There is a running joke among supposedly serious chaotes about the so-called internet kids, an eclectic and pop culture prone group of younger magickians who have recently become very visible on social media.
Suffering from some form of sour amnesia, these older practitioners seem to forget that a good chunk of their own generation were guilty of the very same excesses and grandstanding when they first realised that reality could be manipulated, albeit with a far smaller audience.
Interestingly, the origins of this recent wave of interest in occultism has its roots in a conjunction of attitude and technology, starting with an all too familiar rebellion that occurred many decades ago.
Unlike other mystical systems chaos magick carries a lot of cultural baggage.
While there are many stories to explain its sudden emergence, the movement is in part thought to be a byproduct of working class unemployment during the late 1970’s and early 1980’s.
While it embodies the anger and frustration of those UK based pioneers, it was less about mystical anarchy than a kneejerk reaction to a world where common folk lacked the resources to approach the occult in a strict 19th Century sense. Loose cliques and study groups soon emerged, each striving to remove the barriers to this most basic of human needs, but few ever achieved the reach those ideas deserved.
And then the internet happened.
In no time all the secrets of the unseen world were on display for free in one format or another as long as you knew where to look. At first the burgeoning builtin board culture offered enlightenment in dial up doses to anyone with a university library card, and while much of this proved to be little more than direct quotes from existing texts original ideas still seeped in occasionally.
Soon hosting services such as Angelfire and Geocities blinked dully into life, allowing those magickians with an understanding of HTML to share their insights free from the censure of the mass market publishing houses who once ran the show.
By the time MySpace and Vampire Freaks lumbered into view various generations of chaotes were struggling to solidify their hold what counterculture occultism should actually become.
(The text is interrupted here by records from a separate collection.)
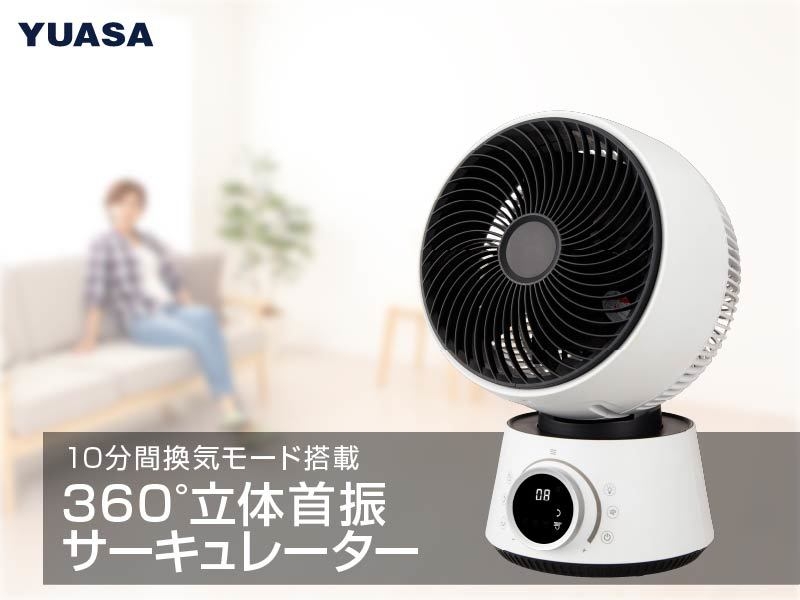 家電製品の開発・輸入・販売を手掛けるユアサプライムス株式会社(本社:東京都中央区、代表取締役社長:安藤 浩)は、超強風での10分間の換気機能を搭載し、360度立体首振りができるDCサーキュレーターを全国の家電量販店、ホームセンター、ユアサプライムスが運営するインターネット家電通販サイト「ユアサプライムス.com( https://www.yuasa-p.com/ )」などで2021年5月下旬より販売します。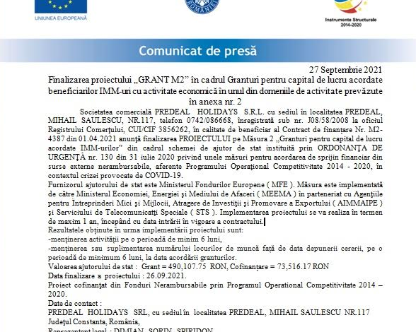 Societatea Comercială PREDEAL HOLIDAYS S.R.L. cu sediul în localitatea PREDEAL, MIHAIL SAULESCU, NR. 117, telefon 0742/086668, înregistrată sub nr. J08/58/2008 la oficiul Registrului Comerţului, CUI/CIF 3856262, în calitate de beneficiar al Contract de finanțare Nr. M2-4387 din 01.04.2021 anunţă finalizarea PROIECTULUI pe Măsura 2 „Granturipentru capital de lucru acordate IMM-urilor” din cadrul schemei de ajutor de stat instituită prin ORDONANŢA DE URGENŢĂ nr. 130 din 31 iulie 2020 privind unele măsuri pentru acordarea de sprijin financiar din surse externe nerambursabile, aferente Programului Operaţional Competitivitate 2014 – 2020, în contextul crizei provocate de COVID-19.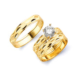 White CZ Three-Piece Wedding Ring in 14K Gold

PDF became the file of choice for those taking part in the numerous Digimobs that grew out of the proto-torrent scene, and everyone involved set to work scanning and sharing the contents of their bookshelves.
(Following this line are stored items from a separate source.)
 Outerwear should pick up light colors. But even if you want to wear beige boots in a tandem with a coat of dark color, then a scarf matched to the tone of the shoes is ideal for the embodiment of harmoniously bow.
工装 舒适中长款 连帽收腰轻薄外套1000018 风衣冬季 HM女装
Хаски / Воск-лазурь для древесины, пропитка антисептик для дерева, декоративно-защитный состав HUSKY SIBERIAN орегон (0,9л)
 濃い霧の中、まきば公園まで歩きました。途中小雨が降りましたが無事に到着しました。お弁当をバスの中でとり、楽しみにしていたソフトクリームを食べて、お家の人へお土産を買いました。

For a while at least the internet was the new Wild West, a space where copyright was irrelevant and the excesses of acid driven rave consciousness had given way to a more sober view that championed magick as the panacea for a dying zeitgeist.
Of course, this was not the way the story ended.
Anarchic online occultism was eventually ground under the wheels of the Facebook and Reddit revolution. Dedicated corporatization of the internet saw both torrents and file sharing rendered all but illegal, while those who once took part in such activities closed ranks to protect what little knowledge they had amassed in the good old days before service providers decided to self censor.
Companies such as Google then realised just how much money could be made by selling customer attention to the highest bidder, and doubled down on curating the results they presented to further spread their monotone view of reality too.
Ultimately, despite the wide eyed optimism of technopagan prophets such as Eric Davis the revolution faltered. Yet even though the direct assault on mainstream culture which personified late 20th Century occultism never took hold, there was much to be harvested from the ruins of its ponderous war machine.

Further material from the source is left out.